HOUSE BILL REPORT

ESHB 2341

This analysis was prepared by non-partisan legislative staff for the use of legislative members in their deliberations. This analysis is not a part of the legislation nor does it constitute a statement of legislative intent.

As Passed House:

February 13, 2012

Title: An act relating to community benefits provided by hospitals.

Brief Description: Concerning community benefits provided by hospitals.

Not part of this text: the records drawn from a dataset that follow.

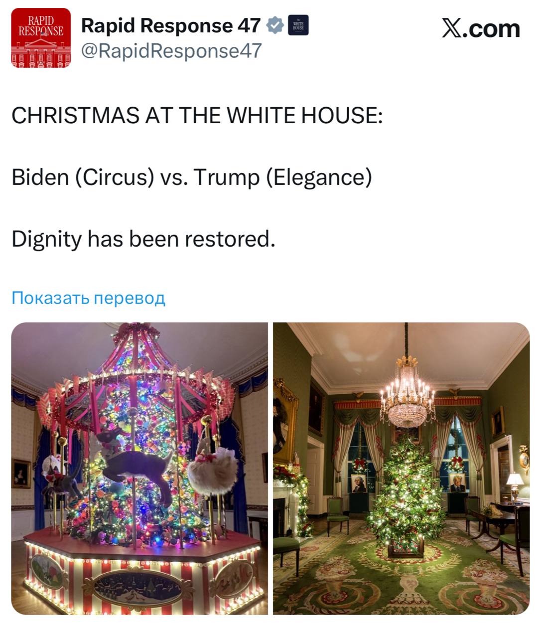 Белый дом опубликовал фото рождественской елки 2025 года и сравнил ее с елкой Байдена.
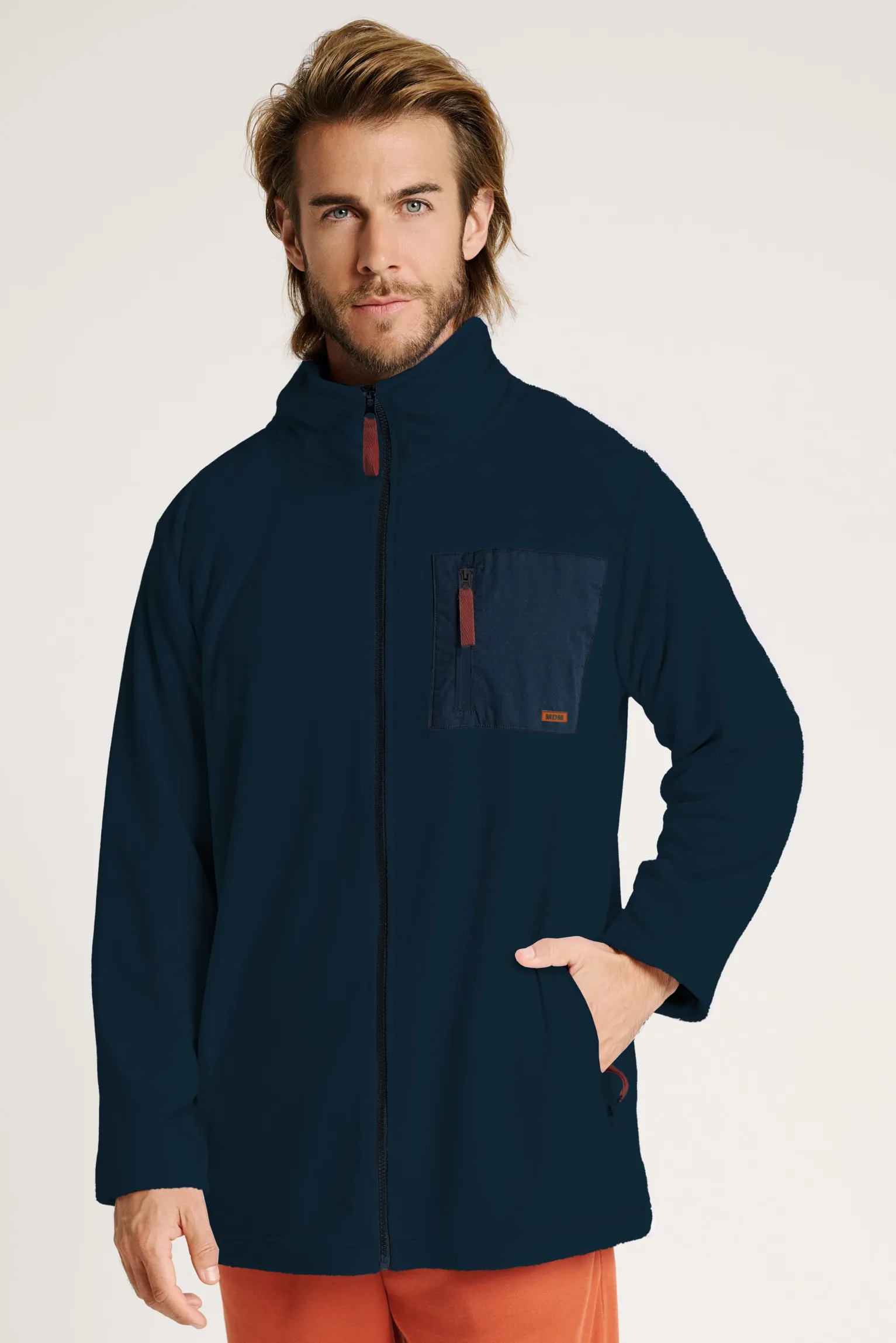 Esta bata de hombre con cremallera es la prenda ideal para los días de descanso en casa. Confeccionada en tejido polar suave, ofrece abrigo sin peso y una sensación envolvente muy confortable. Incluye bolsillos laterales funcionales y un bolsillo en el pecho a contraste, que le aporta un toque moderno y práctico.
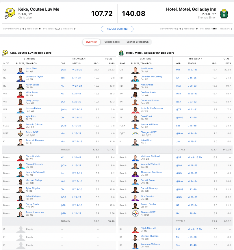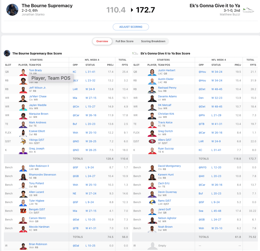 Buzzi was in absolute cruise control with this matchup. It was a big matchup seeing how we were both 2-1 entering the game, but the better team came out on top. Justin Herbert and Austin Ekeler combined for 53 points. That is pretty fucking good. And oh, Rashaad Penny put forward 28.2 points. Is he taking the crazy performance enhancing mojo that Geno Smith is? What is happening in the NFC West?? The points fiesta between Seattle and Detroit also benefited DK Metcalf who had 18.4 points, which is his best output of the season.

Sponsors: House Committee on Health Care & Wellness (originally sponsored by Representatives Jinkins, Cody, Ladenburg, Van De Wege, Green, Reykdal, Moeller, Tharinger, McCoy, Darneille and Hunt).

Brief History:

Committee Activity:

Health Care & Wellness: 1/16/12, 1/26/12 [DPS];

Health & Human Services Appropriations & Oversight: 2/2/12, 2/3/12 [DPS(HCW)].

Floor Activity:

Passed House: 2/13/12, 63-35.

Brief Summary of Engrossed Substitute Bill

  • Requires nonprofit hospitals to make community health needs assessments and community benefits implementation strategies widely available to the public.

HOUSE COMMITTEE ON HEALTH CARE & WELLNESS

Majority Report: The substitute bill be substituted therefor and the substitute bill do pass. Signed by 6 members: Representatives Cody, Chair; Jinkins, Vice Chair; Clibborn, Green, Moeller and Van De Wege.

Minority Report: Do not pass. Signed by 4 members: Representatives Schmick, Ranking Minority Member; Hinkle, Assistant Ranking Minority Member; Harris and Kelley.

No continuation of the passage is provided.